Common agent failure:
// ❌ Authentication only — is the user logged in?
async getOrder(req: AuthenticatedRequest): Promise<Order> {
return this.orderRepository.findById(req.params.orderId);
}
// ✓ Authentication + authorisation — is this user allowed to see this order?
async getOrder(req: AuthenticatedRequest): Promise<Order> {
const order = await this.orderRepository.findById(req.params.orderId);
if (!order.belongsTo(req.userId)) {
throw new ForbiddenError('Order does not belong to authenticated user');
}
return order;
}
AGENTS.md rules for authorisation
## Authorisation rules
- Authentication (is the user logged in?) is necessary but not sufficient
- Every endpoint that returns or modifies a resource must verify the authenticated
user is authorised for that specific resource
- Authorisation checks go in use cases, not controllers
- Use typed error classes: AuthenticationError vs AuthorisationError vs NotFoundError
- Return 404 (not 403) when a resource exists but the user isn't authorised —
don't confirm existence of resources the user can't access
Input validation
Agents implement input validation when asked. Without explicit instructions, they tend to validate field presence but not field safety.
// ❌ Presence check only
if (!req.body.email) throw new ValidationError('Email required');
// ✓ Presence + safety
const email = EmailAddress.parse(req.body.email); // validates format + normalises
const name = sanitise(req.body.name); // strips HTML/injection vectors
AGENTS.md rule:
## Input validation
- Validate all external input at system boundaries (controllers, CLI handlers, queue consumers)

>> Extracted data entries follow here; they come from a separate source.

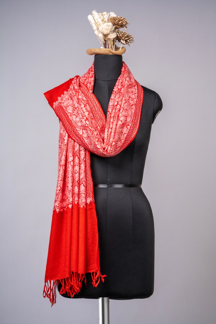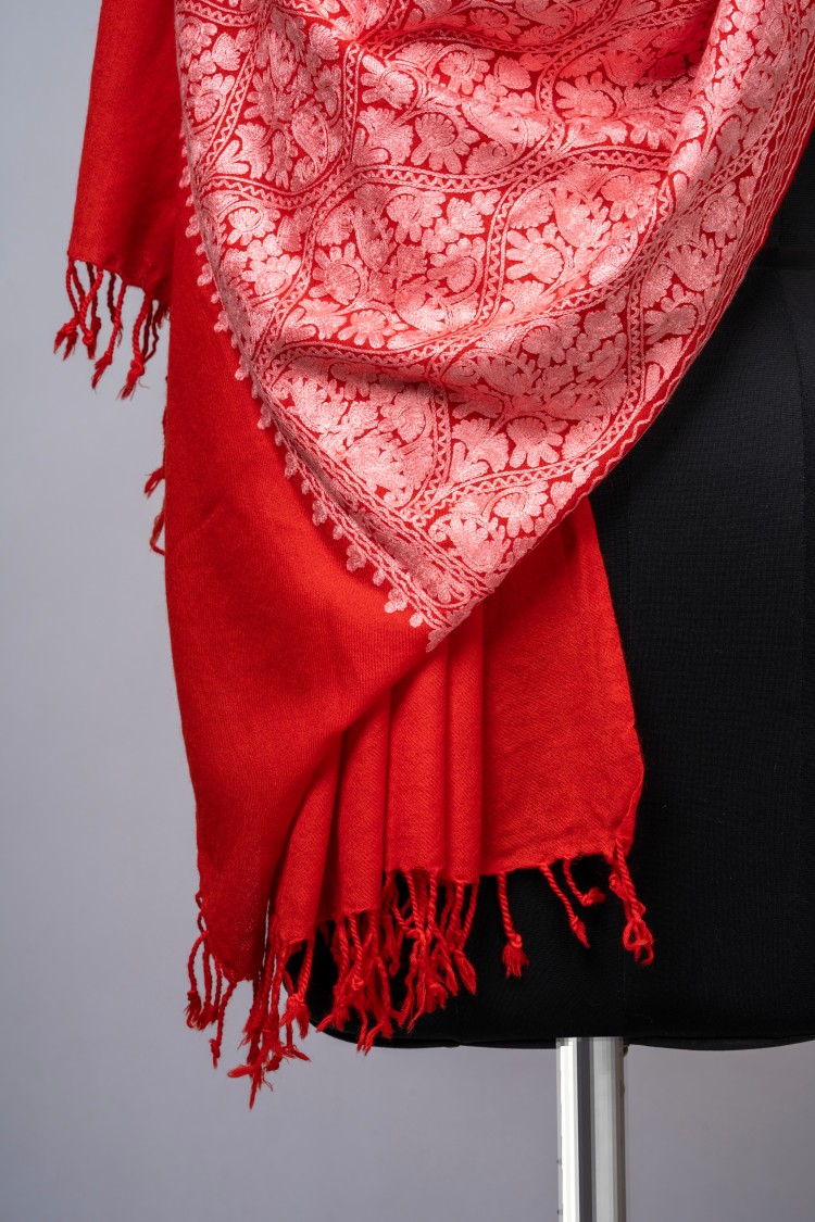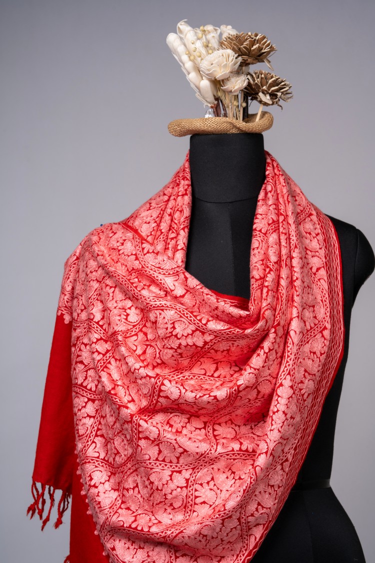 Aari matka embroidered shawl – Red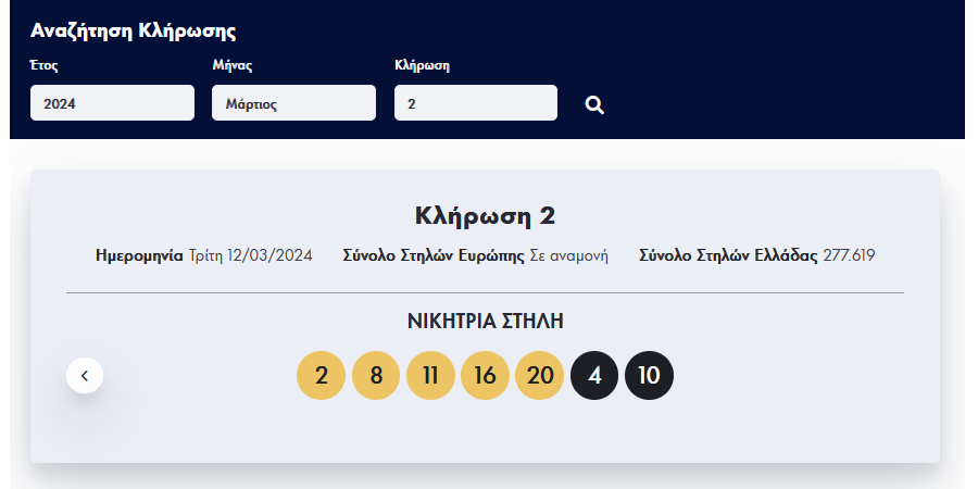 Οι τυχεροί αριθμοί: 2, 8, 11, 16, 20 και αριθμοί Eurojackpot 4 και 10.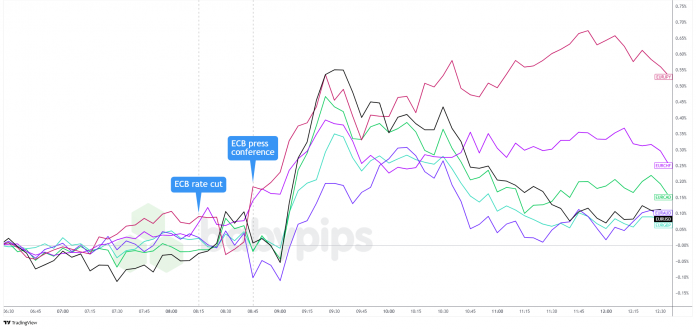 The euro spent a lot of the lead-up to the ECB resolution buying and selling in a good vary with a slight bullish lean. The foreign money additionally barely blinked after the anticipated 25 bps fee lower was introduced.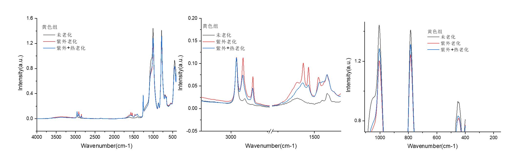 從圖2-4可以看到,通過(guò)紫外光照以及熱處理后, 組樣品老化以后在1258cm-1、1000cm-1以及784cm-1處峰強(qiáng)稍微變?nèi)酰?紅色組樣品在1000cm-1和784cm-1處峰強(qiáng)明顯變?nèi)?;黃色組紅色樣品1000cm-1、784cm-1以及448cm-1處峰強(qiáng)稍微變?nèi)醺黠@。結(jié)果表明在紫光光照下,樣品主鏈Si-0-Si(1000cm-1)和側(cè)鏈Si-C(1258cm-1)有部分發(fā)生斷裂,另外紅色組樣品C-H鍵(3000cm-1)在2850cm-1等處出現(xiàn)新的小峰,說(shuō)明C-H發(fā)生部分氧化,造成醛基等新的化學(xué)鍵形成。

- Validate presence AND format AND safety — not just presence
- Use value objects to validate and normalise domain inputs (EmailAddress, PhoneNumber, etc.)
- Never pass raw user input to SQL queries — use parameterised queries only
- Never pass raw user input to shell commands
- Sanitise strings that will be rendered in HTML contexts
Agent tool permissions
When agents have access to tools (file system, shell, external APIs), they need explicit permission boundaries. Without them, an agent asked to “update the configuration” might modify files it shouldn’t, or an agent running a query might touch production data.

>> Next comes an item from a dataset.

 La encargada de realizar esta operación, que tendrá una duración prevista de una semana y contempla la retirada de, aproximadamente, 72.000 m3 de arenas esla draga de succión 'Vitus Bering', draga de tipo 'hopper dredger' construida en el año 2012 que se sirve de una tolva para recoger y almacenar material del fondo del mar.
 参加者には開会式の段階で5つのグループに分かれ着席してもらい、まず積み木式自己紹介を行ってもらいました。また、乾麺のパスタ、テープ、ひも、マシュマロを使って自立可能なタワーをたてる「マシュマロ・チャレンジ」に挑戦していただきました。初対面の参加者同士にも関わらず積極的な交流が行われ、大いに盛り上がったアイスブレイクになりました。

Define tool permissions in your CLAUDE.md or equivalent:
## Tool permissions
### Allowed
- Read any file in the project directory
- Run tests: bun test, bun run test:*
- Run linting: bun run lint
- Create and edit files within src/, tests/, docs/
- Run database migrations in test environment only
### Forbidden
- NEVER modify files outside the project directory
- NEVER run database migrations against production
- NEVER make HTTP requests to external APIs (use mocks in tests)

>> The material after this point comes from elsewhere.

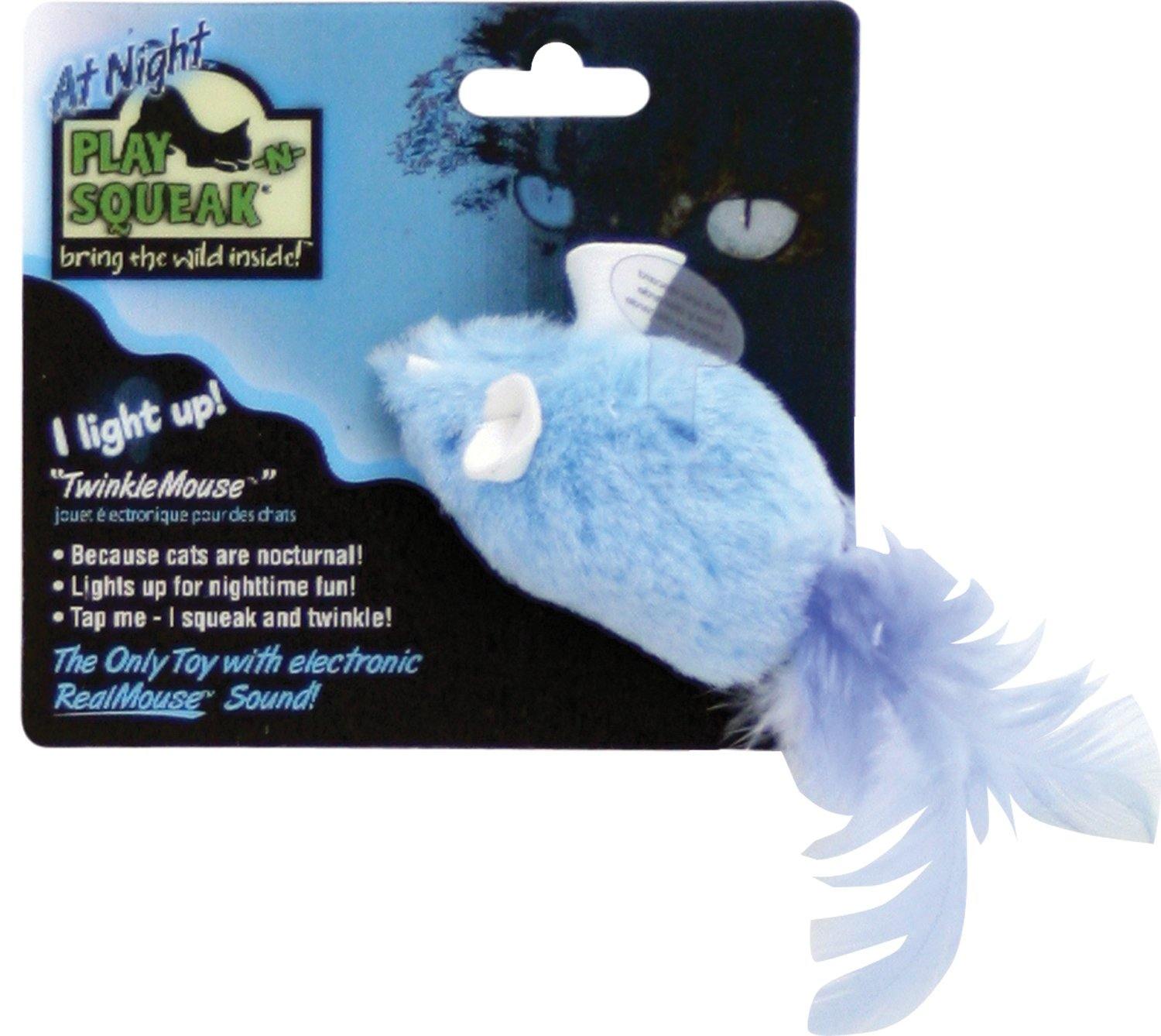 Tap twinkle mouse it squeaks and twinkles. Lights up for nighttime fun.

- NEVER read or write to /config/secrets/
- NEVER execute shell commands not in the allowed list above
- NEVER access environment variables not listed in .env.example
Least privilege for agents
Apply the principle of least privilege to agent tool access exactly as you would to a service account. An agent that only needs to run tests doesn’t need write access to the infrastructure configuration.
Dependency security
Agents will add dependencies without auditing them. Add npm audit or equivalent to CI and make it a required check:
# In CI pipeline
bun audit --audit-level=high # fail on high or critical vulnerabilities
Also enforce dependency pinning — agents tend to add packages with ^ versions. In production services, prefer exact versions or lock files:
## Dependency rules
- All dependencies must be pinned to exact versions in package.json
- Run `bun audit` before committing new dependencies
- Never add dependencies with known critical vulnerabilities
- Minimise dependencies — if the standard library or an existing dependency can do it, use that
Security checklist for design review
Before implementation starts, verify the design document answers:
- What secrets does this feature need? How are they accessed?
- What PII does this feature handle? Where is it stored? What’s excluded from logs?
- What authentication does this feature require?
- What authorisation checks are needed (per-resource, not just per-user)?
- What external input does this feature accept? How is it validated?
- What tool permissions does the agent need to implement this?